Queensland Premier Anna Bligh blames migrating workers from other states for Queensland's high unemployment
Daryl Passmore, The Sunday Mail (Qld), January 08, 2012 12:00AM
ANNA Bligh has been caught out over excuses for Queensland's unenviable position as mainland Australia's unemployment capital.
The Premier is blaming a rush of jobseekers to the Sunshine State for dole queues remaining stubbornly long despite billions of dollars of investment in the mining and gas boom.
But figures from the Australian Bureau of Statistics and the Government's own Office of Economic and Statistic Research do not back up her claim - with interstate migration at its lowest level in three decades.
ABS figures put the unemployment rate at 5.8 per cent in December, with 144,000 Queenslanders out of work.
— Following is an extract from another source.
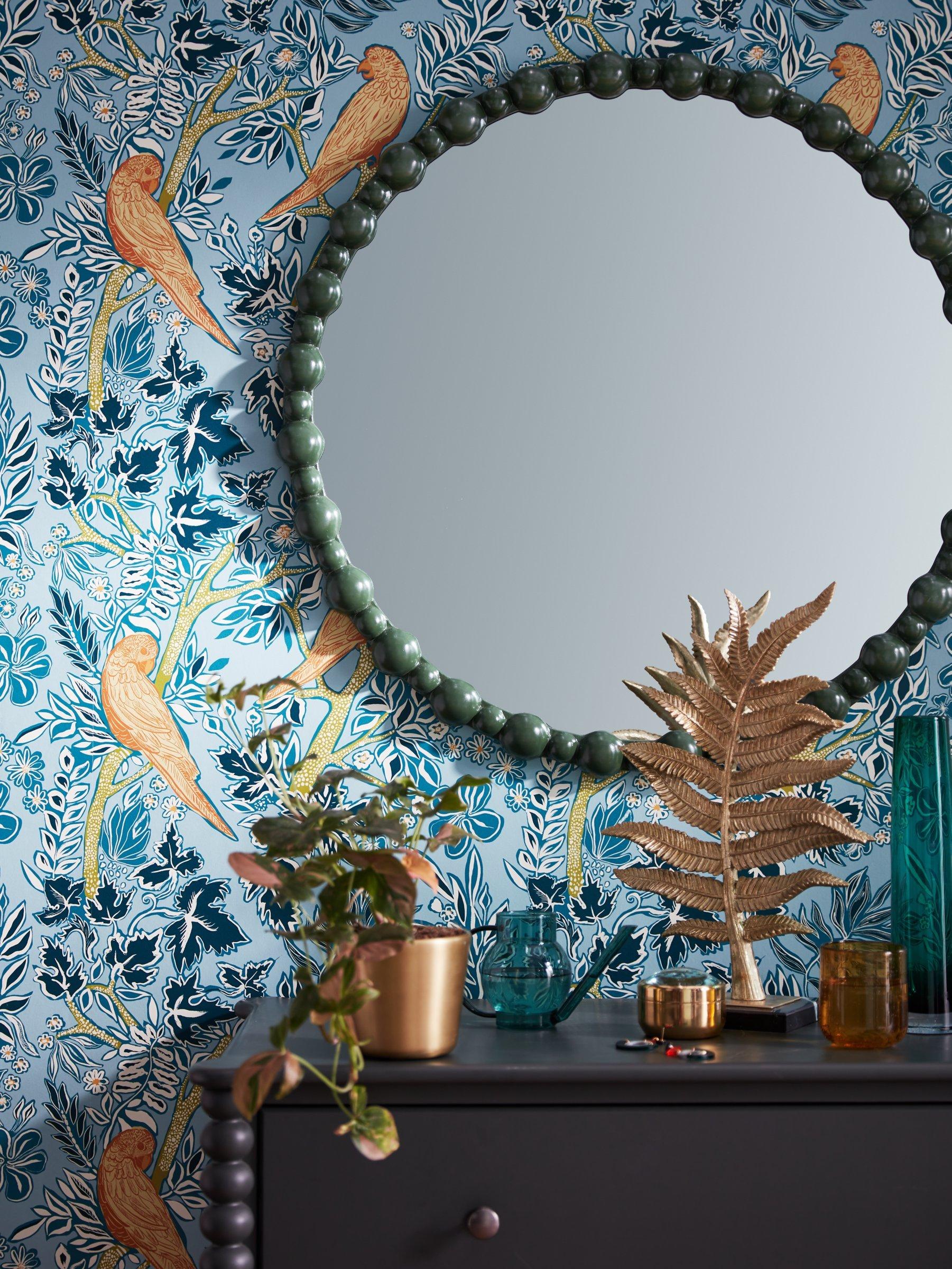 Bobbin is back, taking shape on a round mirror frame, creating an updated statement piece for your wall in true Matthew Williamson style. Great for a living room, hallway or bedroom. We've added fittings on the back for easy and secure wall-mounting.

Only Tasmania, at 6 per cent, is worse.
Ms Bligh described Queensland as the "jobs-generating capital of Australia", pointing out 3600 of the 4200 jobs created nationwide during November were here.
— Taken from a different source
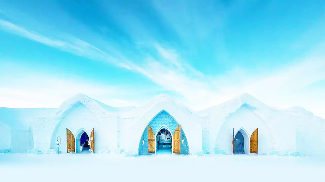 L’unique hôtel de glace en Amérique du Nord, entièrement sculpté dans la glace et la neige, avec des installations spectaculaires.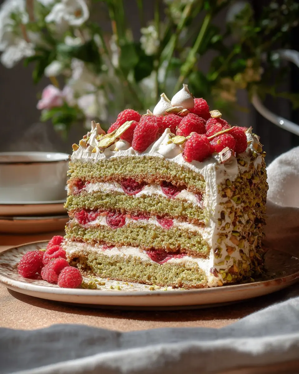 In conclusion, the pistachio raspberry cake is a delightful blend of flavors and textures that makes for a perfect dessert. Its moist pistachio base paired with tart raspberry jam and creamy mascarpone is sure to impress. Give it a try, and savor the sweet success of your baking adventure!

It is the same reason her predecessor Peter Beattie was using nearly a decade ago - when the numbers moving to Queensland from other parts of Australia were at record levels.
Net interstate migration to the Sunshine State peaked in 2002 at 37,400 people - 719 more people arriving here each week than leaving.
But that stampede across the border is now a dawdle. The latest available ABS data, for the year to the end of June 2011, shows that while net interstate migration to Queensland was still higher than other states, it fell to 7200 - only 138 people a week.
That was 25 per cent down on the previous year - and the lowest level since the early 1980s.
More than two-thirds of the interstate migrants came from NSW, but Queensland is coming off second best in the battle for workers to resource-boom rival Western Australia, with a net loss of 1127 people to that state.